Extend the triggerer-to-scheduler event path so that a single trigger run may produce a stream of events which the scheduler can incrementally deliver to the operator context (worker/scheduler) and allow the operator to handle each event without a full defer/resume roundtrip per page.

Components & responsibilities

  • Triggerer: can yield multiple TriggerEvents during run(). It still must be serializable. If the trigger performs pagination, it should do that inside its run() loop and yield each page as an event.
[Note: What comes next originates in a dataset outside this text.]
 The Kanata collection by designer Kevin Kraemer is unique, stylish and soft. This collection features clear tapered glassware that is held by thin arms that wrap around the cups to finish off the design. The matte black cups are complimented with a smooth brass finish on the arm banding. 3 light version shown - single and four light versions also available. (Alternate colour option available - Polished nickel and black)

  • Scheduler: must accept and process multiple events from the same trigger-run. Instead of ignoring all but the first yielded event, scheduler accepts the events and binds them to the operator’s next_method handler incrementally.

  • Operator / Worker:

    • Operators supporting streaming implement a handle_trigger_events(events: Sequence[TriggerEvent], context) callback (or extend next_method to accept a batch/stream), which may:

      • process events and optionally expand mapped tasks or create XComs,

      • decide whether trigger should continue producing (e.g., requests more pages) — but triggers are the ones that control pagination inside run().
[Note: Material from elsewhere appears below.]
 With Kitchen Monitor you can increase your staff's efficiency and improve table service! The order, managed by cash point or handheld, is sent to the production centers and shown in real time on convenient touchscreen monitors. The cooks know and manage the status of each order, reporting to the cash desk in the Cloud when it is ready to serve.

    • Operators still raise TaskDeferred to start the trigger if they cannot proceed synchronously.

  • Start-from-trigger: still used — when present we skip the initial worker-run step. The AIP assumes start_from_trigger exists and is used (Airflow 3.0+).

API changes / additions

  1. Triggerer run behavior: no signature change, but scheduler processing semantics change: treat yield as a stream of events, not just the first.

  2. Scheduler/Triggerer protocol:

    • Add an event envelope with fields {trigger_run_id, sequence_index, payload, is_last} for each yielded event. This helps ordering and safe incremental processing.

  3. Operator callback:

    • Add next_method(self, event: TriggerEvent | List[TriggerEvent], context) accept either single or batched events, or an optional handle_trigger_events(self, events, context) method.

    • For backward compatibility, if operator implements the old next_method(event, context), the scheduler will call it for each event individually.

  4. DAG parsing checks: if start_from_trigger is enabled and start_trigger_args contains a non-serializable callable, raise at parse time (existing check you already mentioned).

Ordering & consistency concerns

  • Use sequence_index to process events in order from the same trigger run.

  • If operator processing of an event fails, the scheduler should:

    • surface the failure (normal task retry semantics) and

    • stop accepting further events for that run until retry/resume behavior is resolved.

  • If the trigger signals is_last, scheduler can mark the trigger-run completed.

Security / serializability

  • Triggers and all trigger args must remain serializable (no lambdas/closures).

  • DAG parsing validates start_trigger_args types and raises early if a non-serializable callable is present (your existing behavior).

Backward compatibility / migration

  • Existing triggers/operators continue to work: scheduler defaults to single-event processing if operator doesn’t opt-in.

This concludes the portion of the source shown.